Looking at this year’s recruiting class, one aspect really stuck out about the incoming recruits. Size. I can’t recall seeing a class with five extremely large players like this one. One of those recruits struck me immediately as I’m sure he did for you as well. That is Shawn Oakman. Oakman is a 6’8″ 250 lb DE recruit. Other wise known as huge for a football player . Oakman’s body type sounds more like a power forward for a basketball team. Actually, that’s just what he is. Oakman is the starting PF for his high school and averages a double double per game. He is the exact same size as NBA All-Star Lebron James.

When I first saw his size I immediately thought of Cam Newton. Newton is a 6’6″ 250 lb quarterback who can run right over defenders. Auburn’s success this past season was a direct result of the athletic ability of Newton. Newton was a great passer and an even better rusher. With every scramble came a collective gasp from the Auburn faithful. There were many “did you see that” moments. On third and short or fourth and short, Newton simply used his body to get the first down. Being 6’6″ he simply had to lay down behind the center to pick up the first down. This kept the Auburn defense off the field and Cam Newton in control of the game. Then if you factor in his power and ability to explode through tackles it is clear why he was so successful.

Oakman is almost identical in body shape to Newton except he is even bigger.

As a runner everyone will be interested in his 40 time. Oakman has been timed at 4.8 while Newton has been timed at 4.5 – 4.7. There is not much of a difference between 4.8 and 4.7 or even 4.6. Oakman should have no problem getting faster once he starts training at Penn State. Can you imagine a 6’8″ 250lbs man running at 4.6 speed towards you?

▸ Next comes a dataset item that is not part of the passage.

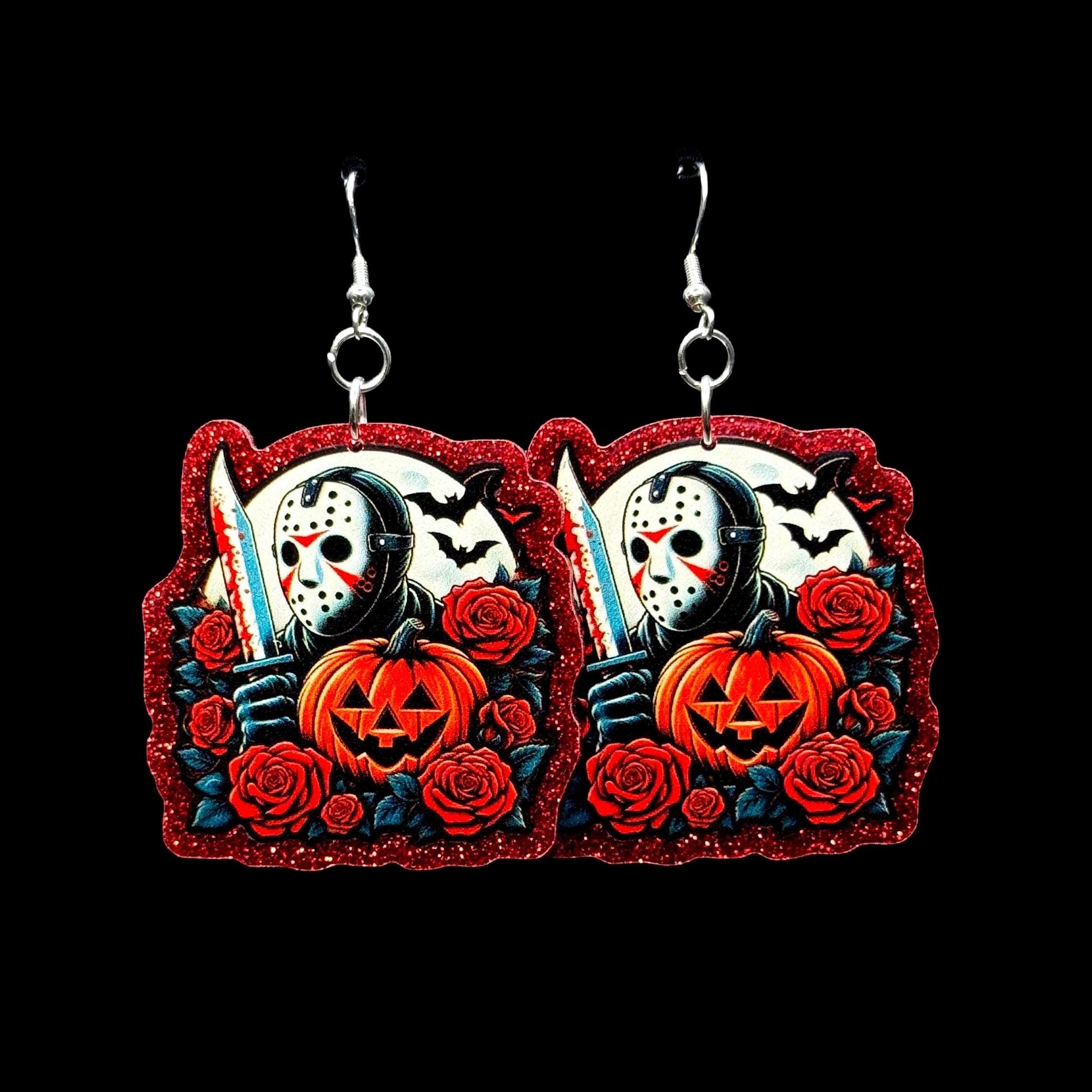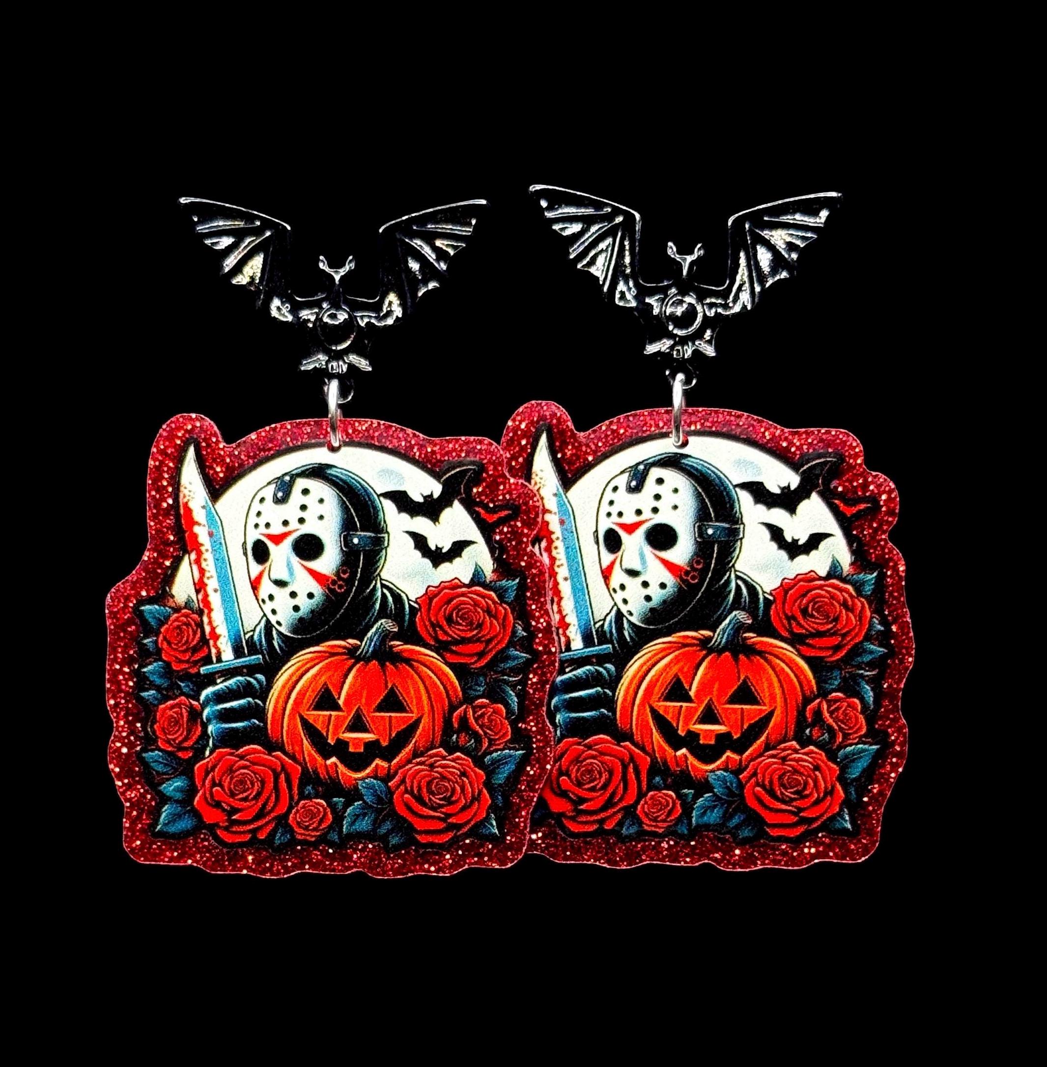 A haunting bouquet of roses, pumpkins, and midnight horror—these earrings are the ultimate slasher-season statement, complete with your choice of hooks or striking bat studs.

Obviously, I am not expecting Oakman to become the next Cam Newton. I certainly am not suggesting that Oakman try to complete a pass. I am suggesting that with a player who has his size, speed and power why not be unconventional and run the wildcat or let him scramble on 3rd and short for a first down. We saw in 2010 that on third and short with less than 2 yards to go, Royster really was unable to power through the defense. Royster is only 6’1″ 223lbs. Oakman would simply have to fall forward.

In the summer, Penn State can work with Oakman on ball control and the select plays for him to run. As a basketball player who was recruited by Division 1 schools, we should expect nothing less than a man whose hands will absolutely swallow the ball. Once he fine tunes how to carry it high and tight, putting his head down, builds some more lateral movements and quickness, he could be tough to stop. Oakman has most of those skills already as he did play wide receiver in high school as well.

Penn State has really gotten away from using the wildcat and quarterback keepers since Daryll Clark’s first year as the starter in 2008. If Joe Pa is worried about a quarterback getting hurt, here is your alternative. With Oakman running, Bolden and McGloin can just wait and say thank you when he is done.

Oakman will be great as a defensive end and if his future does not have him spending time at the QB slot, I won’t lose any sleep over it. For an offense that looks stuck in the 70s this could be an interesting test. Unfortunately, I have come to expect nothing exciting from Galen Hall and Jay Paterno.

In college football today, the scrambling quarterback has success. Just take Tim Tebow, Cam Newton and Michael Robinson for example. Everyone at Penn State remembers the “M-Rob Hit” against Minnesota in 2005. That single play alone set the tempo for Penn State the rest of the season and sent a message to the team. In 2011, another message needs to be sent from our offense. I wouldn’t mind seeing it from a 6’8″ 250 lb freshman. Would you?